The product is expected to be launched in Q1 FY16-17, in 5% Dextrose injection in dosages of 250 mg/50 ml, 500 mg/100 ml, and 750 mg/150 ml (each in a ratio of 5 mg/ml) in single-use containers. Levofloxacin in Dextrose injection is an anti-infective used in the treatment of bacterial infection in adults. The approved product has an estimated market size of $46 million for the 12 months ending December 2015 according to IMS Health, a global provider of information and technology services to healthcare and life sciences industries.
This marks the USFDA approval of the 25th Abbreviated New Drug Application (ANDA), including two tentative approvals, from Aurobindo Pharma's Unit IV formulation facility in Hyderabad, India, used for manufacturing general injectable products. The company now has a total of 240 ANDA approvals (206 final approvals including 10 from Aurolife Pharma LLC and 34 Tentative approvals) from the USFDA.

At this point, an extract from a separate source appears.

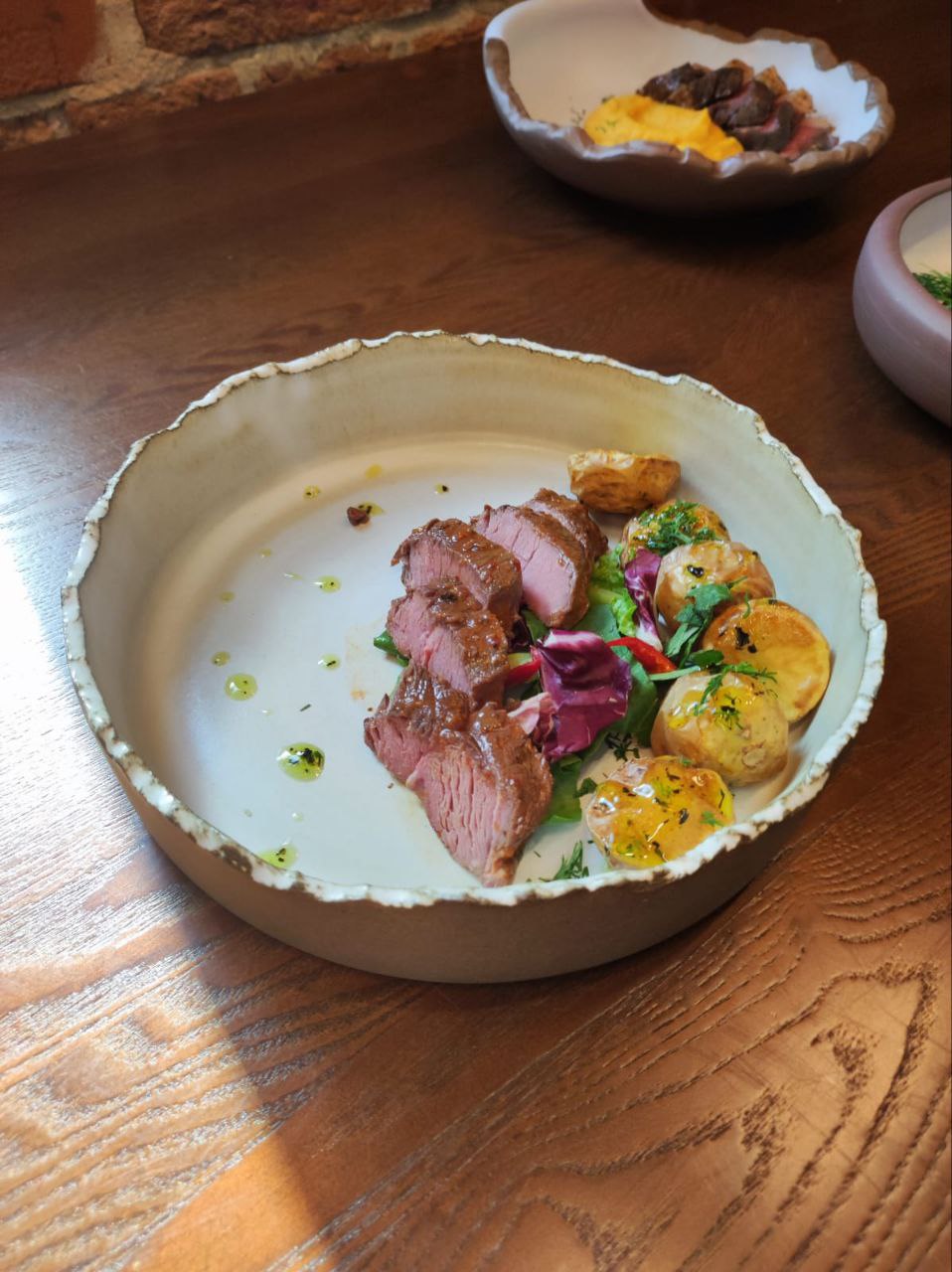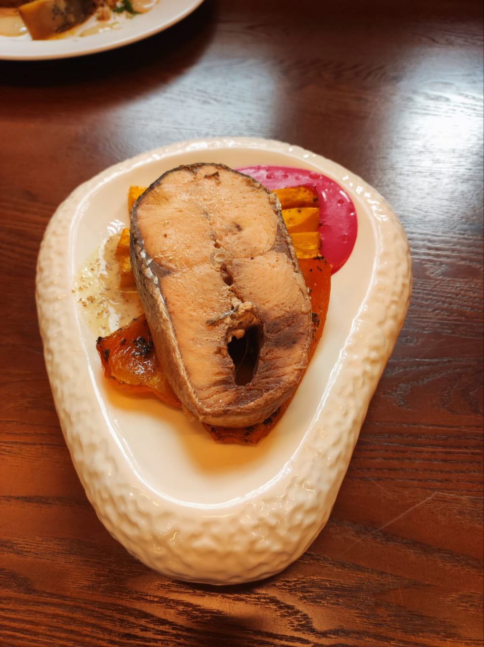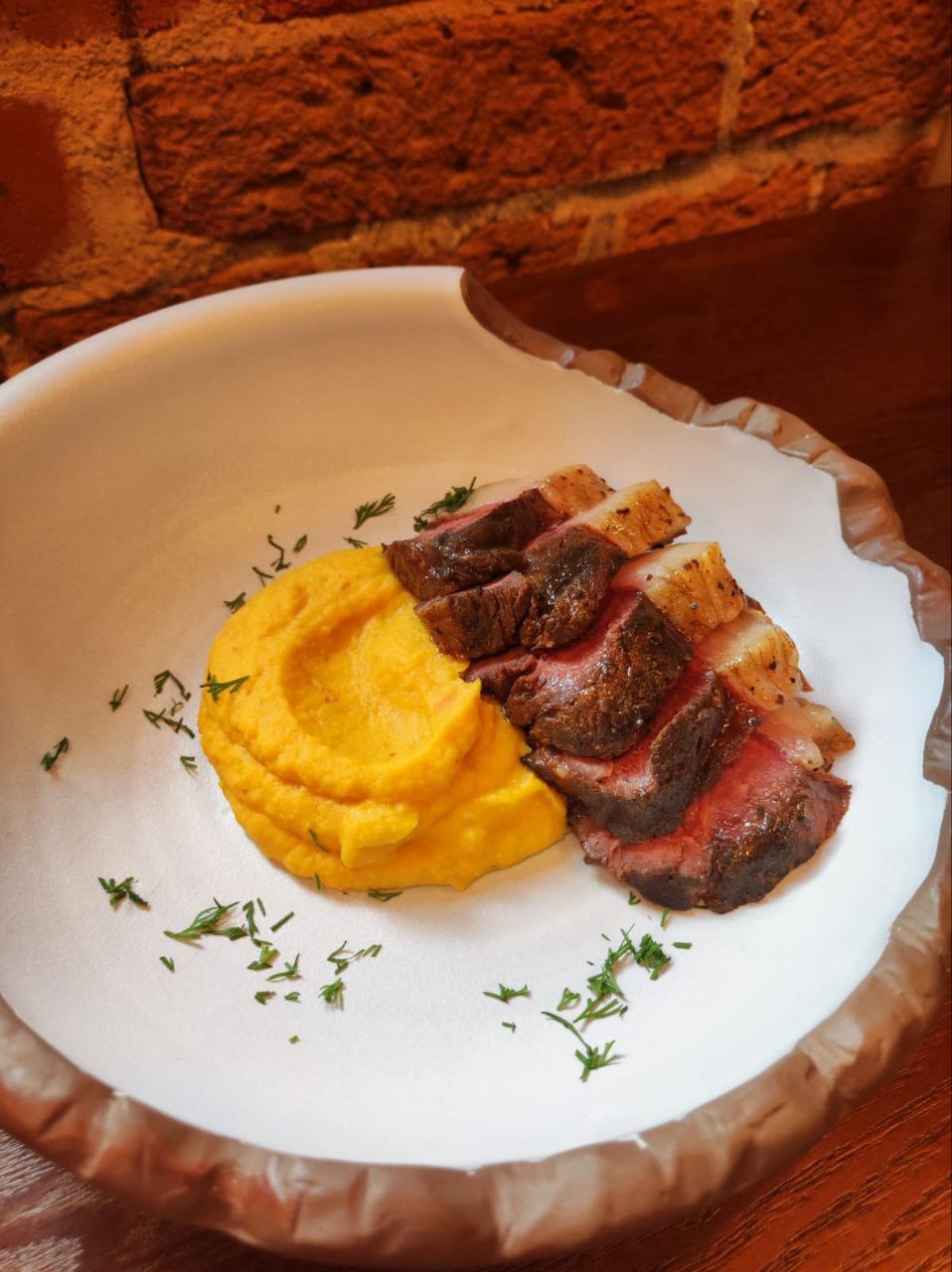 - Корейку медведя без кости с пюре из тыквы;

Earlier this week, Aurobindo Pharma had reported a 39.18 percent increase in its consolidated net profit at Rs 534.95 crore for the third quarter ended Dec. 31, 2015. The company had posted a consolidated net profit of Rs 384.35 crore in the same period last fiscal, according to its regulatory filing with the stock exchanges on Tuesday, Feb. 9, 2016. The net sales during the period under review stood at Rs 3,432.08 crore.
The company has also informed BSE that its board of directors, at its meeting on Tuesday, Feb. 9, 2016, approved a third interim dividend of 70 percent at Re 0.70 for every share of face value Re 1 for the financial year 2015-16.
On Feb. 10, Aurobindo Pharma Ltd closed at BSE at Rs 691.75, down Rs 3.25. The 52-week high of the share was Rs 696.15 and the 52-week low was Rs 661.50.